# The data

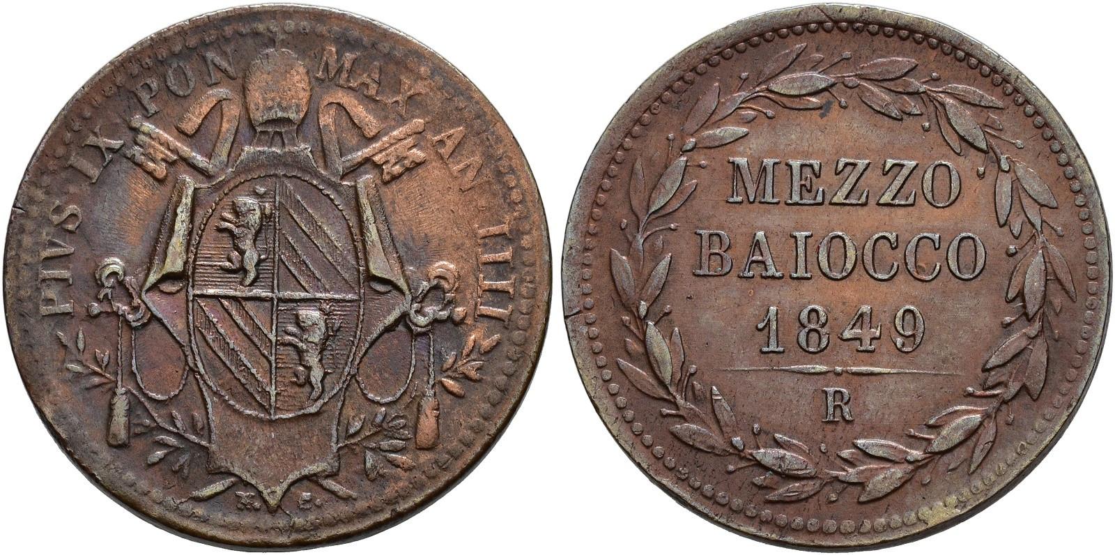 VATICANO-ESTADOS PAPALES. Pío IX. Meio baiocco. 1849. R. AR 4,61 g. 23,5 mm. KM-1340. EBC-.
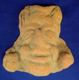 | Description / विवरण | Terracotta male head wearing a turban and round earrings. He has bulging eyes, open mouth and plump checks. But the facial features are slightly rubbed off. |
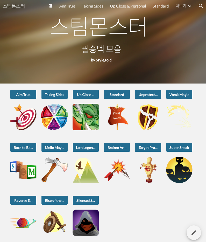 회사에서 문서파일 만들다가 실수로 열었는데 생각보다 UI도 깔끔하고 해서 뭔가 만들게 없을까 해서 이렇게 "스팀몬스터 필승덱 모음"이라는 사이트를 만들었어.
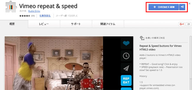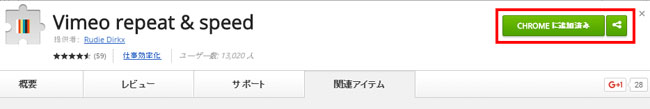 ◆「Vimeo repeat & speed」をGoogle Chromeに追加する
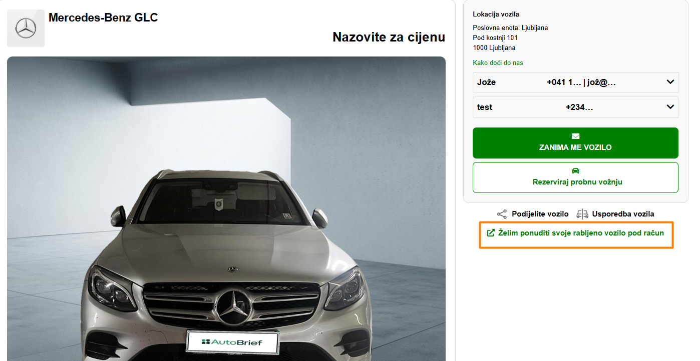 Kupac vam također može javiti da ga zanima neko vozilo i da bi svoje rabljeno vozilo želio dati pod račun. To čini pomoću obrasca Želim dati svoje rabljeno vozilo pod račun.

# Task requirements
Leave out the pictures and repeat everything else in the records exactly.

# The completed task
 VATICANO-ESTADOS PAPALES. Pío IX. Meio baiocco. 1849. R. AR 4,61 g. 23,5 mm. KM-1340. EBC-.
 | Description / विवरण | Terracotta male head wearing a turban and round earrings. He has bulging eyes, open mouth and plump checks. But the facial features are slightly rubbed off. |
 회사에서 문서파일 만들다가 실수로 열었는데 생각보다 UI도 깔끔하고 해서 뭔가 만들게 없을까 해서 이렇게 "스팀몬스터 필승덱 모음"이라는 사이트를 만들었어.
 ◆「Vimeo repeat & speed」をGoogle Chromeに追加する
 Kupac vam također može javiti da ga zanima neko vozilo i da bi svoje rabljeno vozilo želio dati pod račun. To čini pomoću obrasca Želim dati svoje rabljeno vozilo pod račun.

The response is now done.